I've been pulling my hair out on this for the last week or so now.
I used a third party SQL program and trying on MSSQL Studio without verifying, I was receiving errors saying that NEWID was invalid and that IDTABLE was out of bound.

Looking up the errors, I find the issue relates to scope. For some reason, the IDTABLE can't be seen.
Using table names for both tables fails, using aliases for both tables also fails. However, using an alias on the main table and actual table name of the IDTABLE succeeds.

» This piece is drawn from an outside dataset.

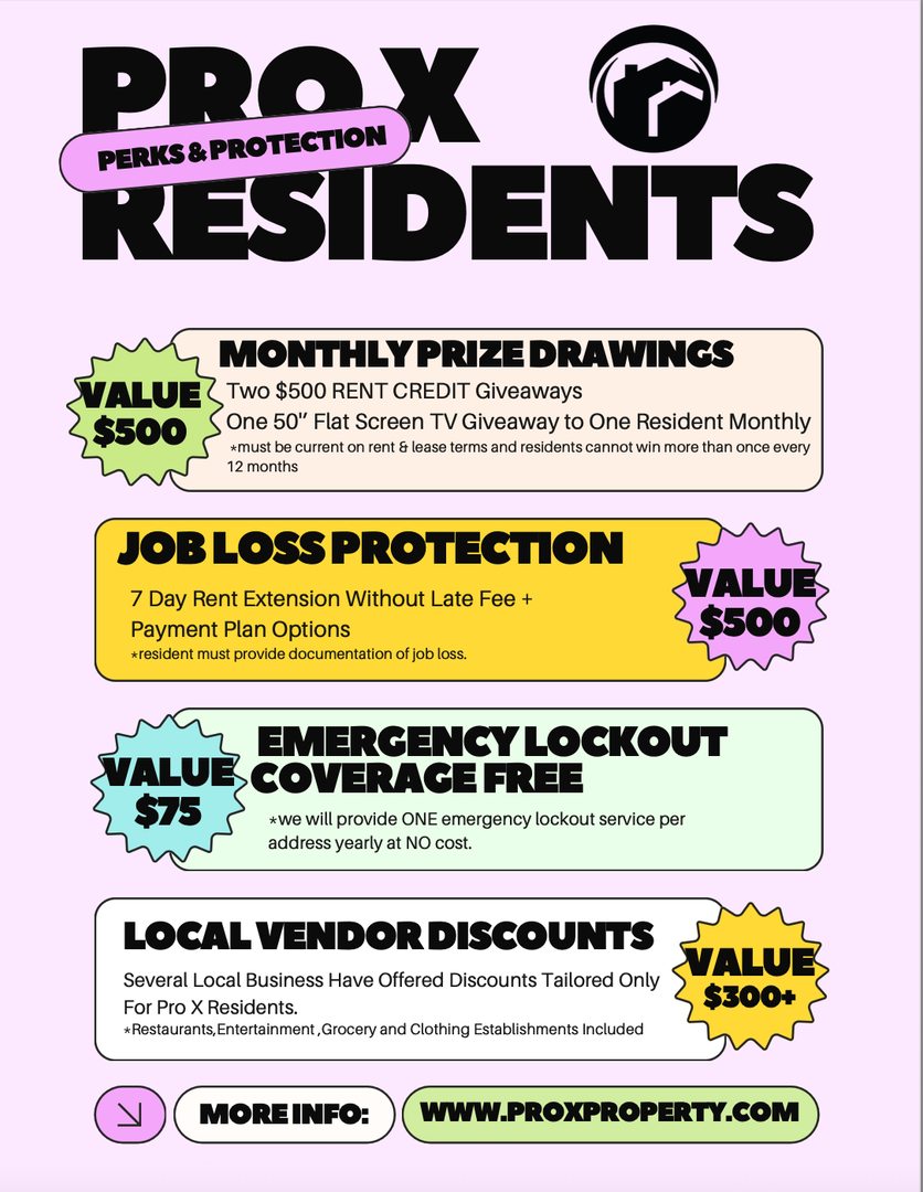 All Pro X Property Management residents are enrolled in the Resident Benefits Package (RBP) for $40.00/month which includes renters insurance, HVAC air filter delivery (for applicable properties), credit building to help boost your credit score with timely rent payments, $1M Identity Protection, our best-in-class resident rewards program, and much more! Renter’s insurance is a requirement to rent from Pro X.

For the record, the main data table is an established table within a group of about 10 tables, the IDTABLE was created simply to resolve the problem but resides in the same database group and in the same schema.
I understand the nature of scope but I don't understand why it was an issue here unless I would need to have backed up the database including the IDTABLE to somehow bring it in to the family of other tables.

Never-the-less, I have success now so thanks to Borislav and Olaf for taking the time to help. Your assistance was invaluable.